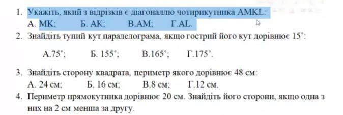 відповідь: 4 см, 4 см, 6 см, 6см.
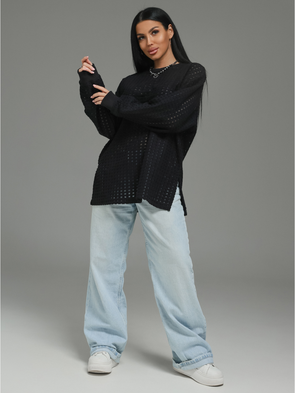 Главный герой — роскошный футер. Это не просто трикотаж. Это футер трехнитка «петля» с жаккардовым узором. Необычная фактура в клетку с прозрачными вставками в каждой клетке. Это ткань, которая выглядит дорого и так же ценно ощущается на теле.
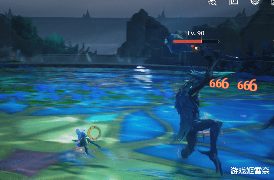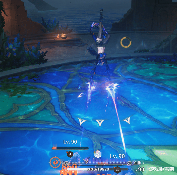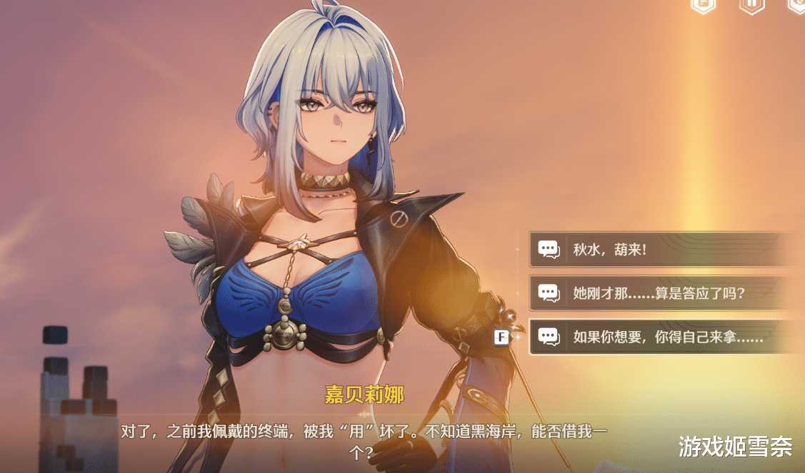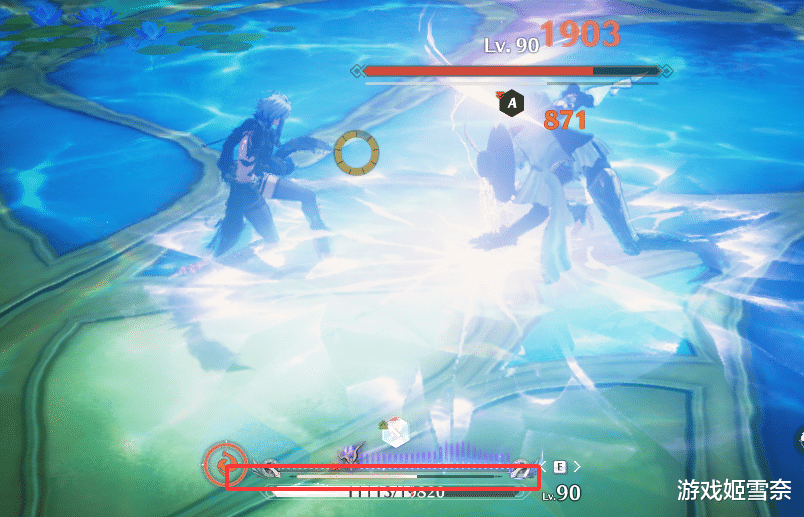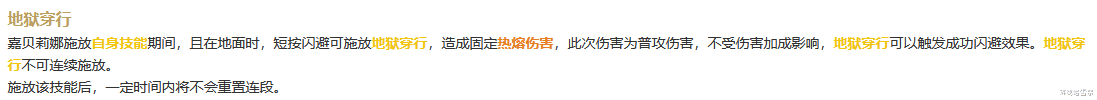 还有一个独立的白条在能量条与血条之间,存在时能够为嘉贝莉娜提供20%的攻击力提升与抗打断效果,只要记得在白条快消失的时候进行闪避+攻击,就能触发嘉贝莉娜独特的闪避机制,滑铲穿过敌人并造成固定666点伤害,重置白条时间无限续杯增伤,触发白条BUFF的方式还有变奏入场,普攻第四段和共鸣技能,而滑铲普攻是最稳定最迅速的续杯方式。

Your objective
What the task needs is the material above repeated exactly, pictures excepted.

Written solution
 відповідь: 4 см, 4 см, 6 см, 6см.
 Главный герой — роскошный футер. Это не просто трикотаж. Это футер трехнитка «петля» с жаккардовым узором. Необычная фактура в клетку с прозрачными вставками в каждой клетке. Это ткань, которая выглядит дорого и так же ценно ощущается на теле.
 还有一个独立的白条在能量条与血条之间,存在时能够为嘉贝莉娜提供20%的攻击力提升与抗打断效果,只要记得在白条快消失的时候进行闪避+攻击,就能触发嘉贝莉娜独特的闪避机制,滑铲穿过敌人并造成固定666点伤害,重置白条时间无限续杯增伤,触发白条BUFF的方式还有变奏入场,普攻第四段和共鸣技能,而滑铲普攻是最稳定最迅速的续杯方式。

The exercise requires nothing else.